Physical risks in production and transmission
In the Nordic power sector, physical risks manifest across both production and transmission systems.
In production, hydropower faces increased variability due to changing snowmelt and rainfall patterns. Thermal power plants may struggle with cooling efficiency during heatwaves. Wind and solar resources are also affected by shifting weather regimes, potentially reducing predictability and reliability.
In transmission, the grid infrastructure is exposed to storms, flooding and coastal erosion. Substations and overhead lines are vulnerable to damage, leading to service interruptions and increased maintenance costs. The interconnected nature of Nordic grids means that disruptions in one area can cascade across borders, amplifying risk.
Integrating physical risk into internal risk oversight
Internal risk oversight frameworks must evolve to reflect the dual nature of climate risk. Traditionally focused on transition risk, these frameworks now need to incorporate physical risk as a core component.
From an impact, risk and opportunity (IRO) perspective, this means assessing:
I) how physical risks affect asset performance, financial stability and societal obligations,
R) the probability and severity of climate-related disruptions, including regulatory and reputational dimensions, and
O) the potential for innovation, resilience and competitive advantage through proactive adaptation.
Companies should conduct scenario analyses that include 2°C and higher warming pathways. These analyses must be localised, reflecting regional climate projections and asset-specific vulnerabilities. Governance structures should ensure that physical risk is addressed at the board level, with cross-functional input from operations, finance and sustainability teams.
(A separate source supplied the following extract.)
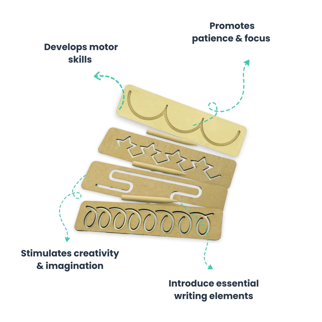 Explore the power of pre-writing skills development Toy and motor skills enhancement with our Wooden Line Tracing Stencil Board. Designed as a valuable Montessori learning resource, this set of 4 prewriting tracing tiles is perfect for young kids for early learning development and to start their writing journey.
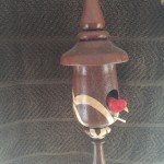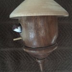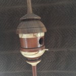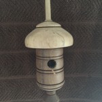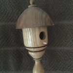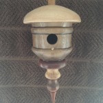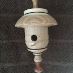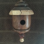 Miniature bird houses are great little projects! Most are made with wood scraps laying around the shop and they don’t take all that much time to create. The designs are nearly endless for what you can make. I’ve given many of these away as little gifts, but have kept quite few to hang across the mantle in the breakfast nook in our house. My daughters sold a collection of these at a craft fair to raise money for a college trip to Europe and I was amazed at how many people bought them because of the color of the little bird that was added to the turning. Go figure…

Short- to medium-term actions
To mitigate physical risks, Nordic power companies must act decisively in the short to medium term.
Infrastructure resilience is paramount and may include elevating substations, reinforcing transmission corridors and investing in distributed energy systems that reduce reliance on vulnerable nodes. Digital monitoring and predictive maintenance can enhance operational readiness.
Strategic planning must integrate climate adaptation into investment decisions. This involves using climate-adjusted cost-benefit analyses and embedding resilience criteria into procurement and project design.
Organisational capacity is also critical. Companies need to build internal expertise on climate science, risk modelling and adaptation strategies. Collaboration with research institutions and public agencies can accelerate learning and innovation.